Why thank you so much! That means a lot to me.  I'm glad you like the layout, it was based on a rl friend's basement. Oh, I just noticed, the ship is blocking the oil lamp, so that's what the other item on the table is. I agree that the ship was just what the room needed to finish it off. It was a gift from an American friend of mine, you can't get it otherwise in European games.


----------



## momiji345 (Jun 24, 2016)

UPDATE ROOM (Ice cream /Cafe )


----------



## ArtsyDreamer (Jun 24, 2016)

Kitchen:


Spoiler











Bedroom:


Spoiler



This is my favorite room! ^u^




A more recent pic:







Bathroom/laundry room:


Spoiler











Backyard:


Spoiler



I feel like it could use a little something more- maybe some plants and flowers ^^;


----------



## jessicat_197 (Jun 24, 2016)

My house is no where near complete but I plan to make it look like a dollhouse


----------



## momiji345 (Jun 24, 2016)

ArtsyDreamer said:


> Kitchen:
> 
> 
> Spoiler
> ...



I like the bedroom & Kitchen:,But i think My fav is bath room like Bathroom/laundry room idea

- - - Post Merge - - -



jessicat_197 said:


> My house is no where near complete but I plan to make it look like a dollhouse



I can't wait to see picture when your room is done


----------



## momiji345 (Aug 13, 2016)

BUMP LOOKING FOR IDEA   POST AWAY


----------



## mags (Aug 13, 2016)

Loved looking at these pictures, thank you all for sharing your ideas.


----------



## namiieco (Aug 13, 2016)

bump ~


----------



## momiji345 (Jan 3, 2017)

Bump~Am back and i  can't wait too see new rooms^^ I love all the new items from the update .The new items are great to use too spice a room up from old too new.Post away love too see your-idea-room thems. Am working on a room project i will post when finish


----------



## Loriii (Jan 3, 2017)

Just recently made a cafe in one of the rooms of the museum's 2nd floor using the items I bought from Welcome amiibo RVs, Brewster's and some randoms


----------



## dizzy bone (Jan 3, 2017)

I'm really loving all the rooms in this thread :> the amiibo update made it so much more fun to decorate. I'll post my rooms tomorrow!


----------



## Durk (Jan 3, 2017)

My houses aren't even close to finished. I've only started working on 2 of them, but I already have plans for all for of them. So I guess I'll just share those.

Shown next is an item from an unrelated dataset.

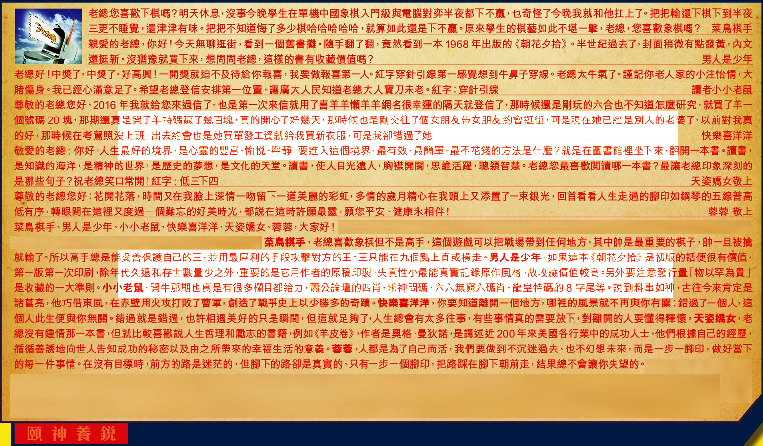 【1】.老總您喜歡下棋嗎?明天休息,沒事今晚學生在單機中國象棋入門級與電腦對弈半夜都下不赢,也奇怪了今晚我就和他扛上了。把把輸還下棋下到半夜三更不睡覺,還津津有味。把把不知道悔了多少棋哈哈哈哈哈,就算如此還是下不赢。原來學生的棋藝如此不堪一擊,老總,您喜歡象棋嗎?  菜鳥棋手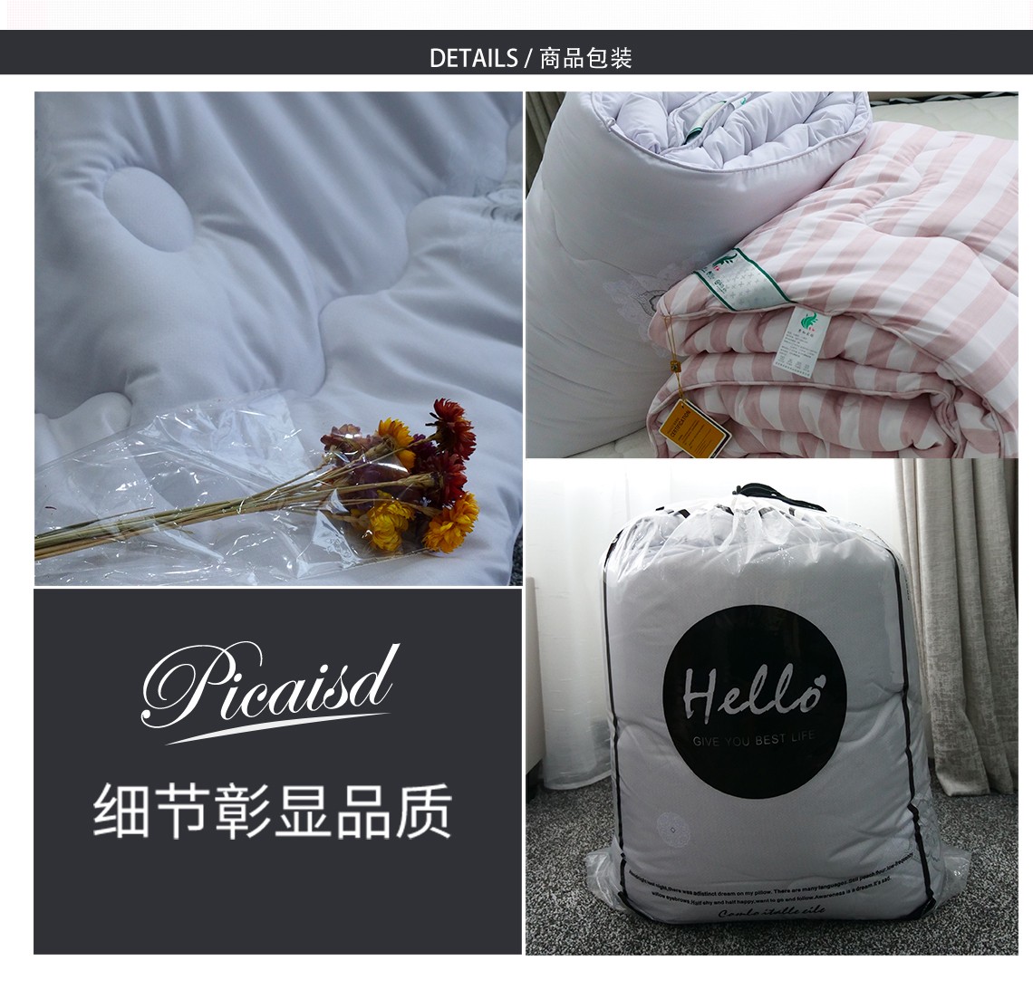明细:被芯*1   高档透明穿绳PE伸缩袋包装*1

My characters are based on all four seasons, and my mayor is called Autumn. I wanted her house to be very witchy, so I'm using a lot of orange and wood, also a lot of plants. The main room includes a living area and small kitchen and the upstairs area and basement are reserved for the bed and bathroom.

For my character Winter, I wanted to make a town inn. I'm using light wood colors and a lot of green and white using customized cabin and ranch furniture. The main room is used as a common area and the back room is probably going to be a small restaurant. Downstairs will be a bathroom and both the left and upstairs room will be guest rooms. The right room will be a small room for Winter himself to live.

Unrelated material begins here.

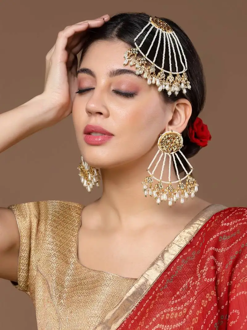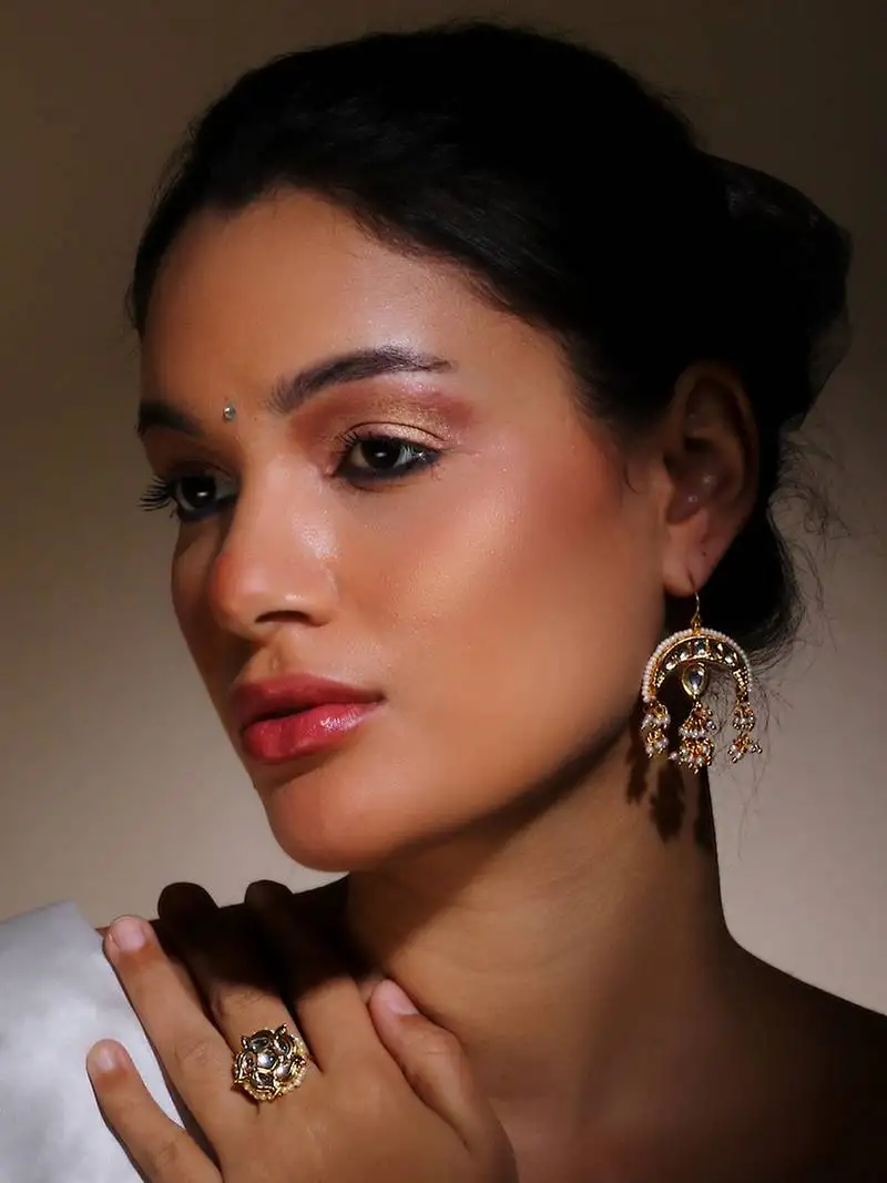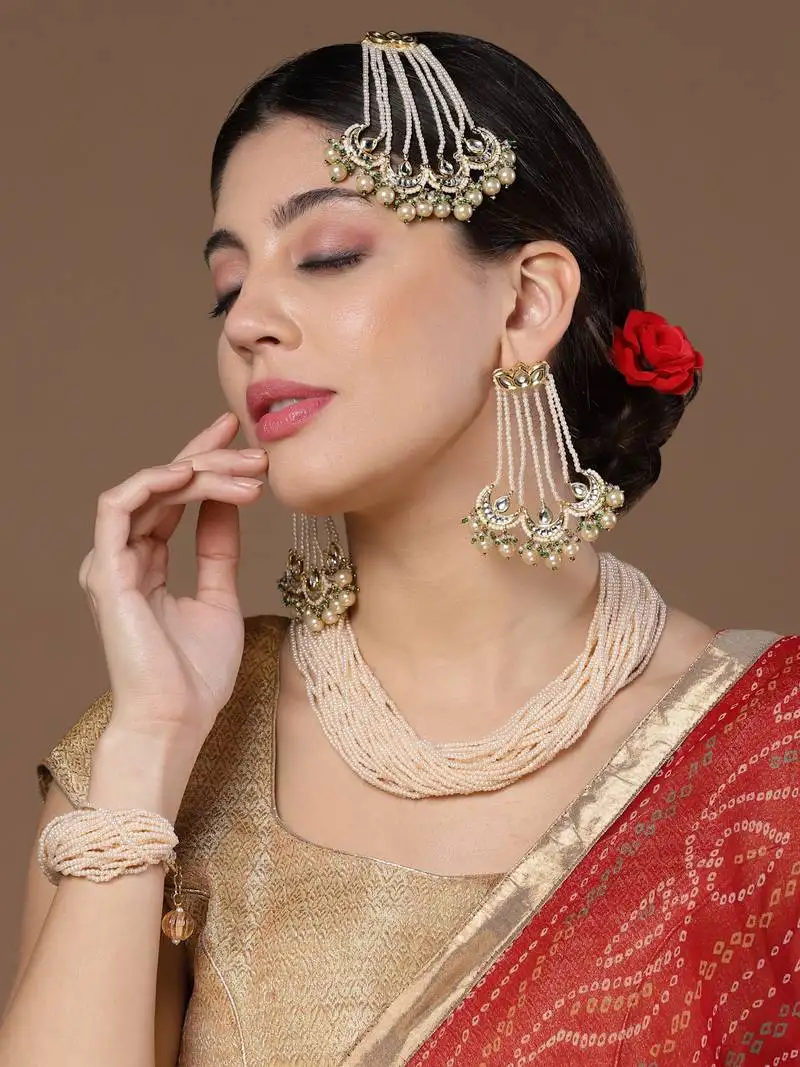 • Cream & orange adjustable bracelet with pearls & natural stones

I still have to create Spring and Summer, but for Spring I'm planning to make a flower shop using probably only the main room. Her living area will be upstairs and she'll be having a lot of art related stuff there. She really likes bright colors, so this will probably be the most colorful house out of all four of them.

Last but not least, Summer's house. His house will mostly be like a church or temple dedicated to the sun. The main room will be the temple area and upstairs will be a galaxy room with the actual sun object from the update. Summer will probably live in the basement and I'm going to use a lot of sloppy furniture and cardboard boxes in his room.


----------



## Starie (Jan 3, 2017)

Role said:


> Just recently made a cafe in one of the rooms of the museum's 2nd floor using the items I bought from Welcome amiibo RVs, Brewster's and some randoms



I seriously love this, amazing job!


----------



## momiji345 (Jan 3, 2017)

Role said:


> Just recently made a cafe in one of the rooms of the museum's 2nd floor using the items I bought from Welcome amiibo RVs, Brewster's and some randoms


Its amazing ! Wow am so jelly right know i would go to that cafe every day


----------



## momiji345 (Jan 4, 2017)

Update:working on 711 room,here what i have so far in the room ;D





dizzy bone i agree with i think it was great idea to add stuff plus i loveeee how u can move stuff like the animal crossing happy home designer

Durk  am looking foreword too seeing the room picture when your finish


----------



## Loriii (Jan 4, 2017)

momiji345 said:


> Update:working on 711 room,here what i have so far in the room ;D
> 
> View attachment 191680



I love what's going on here so far! Your room's making me want to go out and buy something to eat xD Looking forward to when everything is finished


----------



## dizzy bone (Jan 4, 2017)

Here are some pictures from my alt character Mei's house. She was put in charge by her mother to run the family business, a small bed and breakfast in town. She inputed in her own personal touch to the rooms - a stuffed bear in every room so she doesn't feel so lonely in such a big house.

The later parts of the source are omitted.